2(a)(i) It shall not be unlawful under this chapter for an operator of a switchboard, or an officer, employee, or agent of a provider of wire or electronic communication service, whose facilities are used in the transmission of a wire or electronic communication, to intercept, disclose, or use that communication in the normal course of his employment while engaged in any activity which is a necessary incident to the rendition of his service or to the protection of the rights or property of the provider of that service, except that a provider of wire communication service to the public shall not utilize service observing or random monitoring except for mechanical or service quality control checks.

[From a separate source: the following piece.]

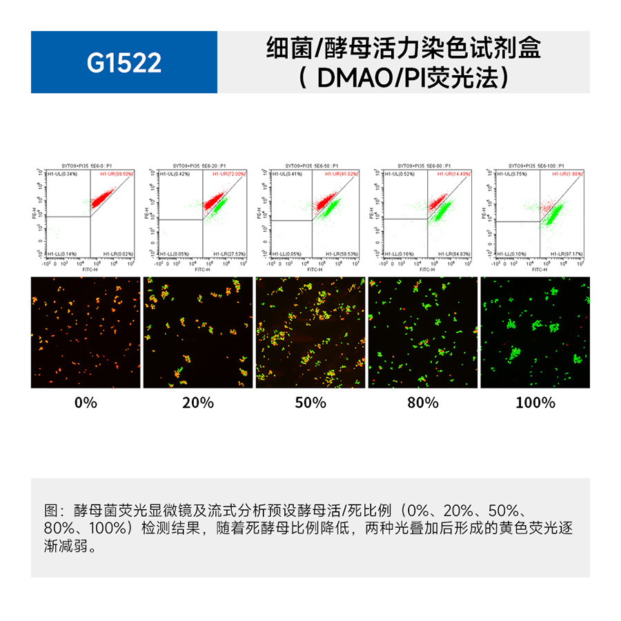 Набор применяется для оценки состояния живых и мертвых бактерий методом окрашивания нуклеиновых кислот зеленым красителем DMAO и красным флуоресцентным красителем пропидий йодидом (PI). Набор совместим с такими флуоресцентными методами как определение на микропланшетных ридерах, цитометрах и микроскопах с флуоресцентным методом анализа. Подходит для работы с многими грамотрицательным и грамположительным бактериям, в том числе E.coli, Bacillus subtilis, micrococcus lysoides и т.п. Данный набор применим для оценки жизнеспособности дрожжей.

Google uses targeted advertising in order to fund and therefore maintain its free email services. The plaintiffs argue that this goes against the industry standard for “ordinary business” practices:

263. The ordinary course of business within the industry for webmail electronic communication services for the ability to send and receive electronic communications does not include the interception and use of content of an electronic communication as Google performs on the subject electronic communications.

But, Google makes a solid argument, in its motion to dismiss, that ordinary business practices need only apply to the specific business in question:

But the “ordinary course of business” exemption does not turn on whether an alleged practice is necessary for an ECS provider to deliver an electronic communication. Nor does the exemption turn on whether an ECS provider’s practices conform to Plaintiffs’ subjective notion of the prevailing “industry standard.” Indeed, it would be nonsensical to assume that Congress intended to deprive an ECS provider of the “ordinary course of business” exemption simply because it chooses to run its business differently (or better) than its competitors.

In the case of Google, targeted advertising provides revenue which is used to maintain the free email service at high quality. Without this source of revenue, Google might well have to restructure a core aspect of its current business model.

Nevertheless, since Google explains that “written messages” will be scanned and that they will also be used for advertising purposes, the company is fully within its rights to use Gmail messages for advertising purposes.

Google should continue to stand up for its current methods; otherwise, courts will be enabled to discriminate against new business models at will.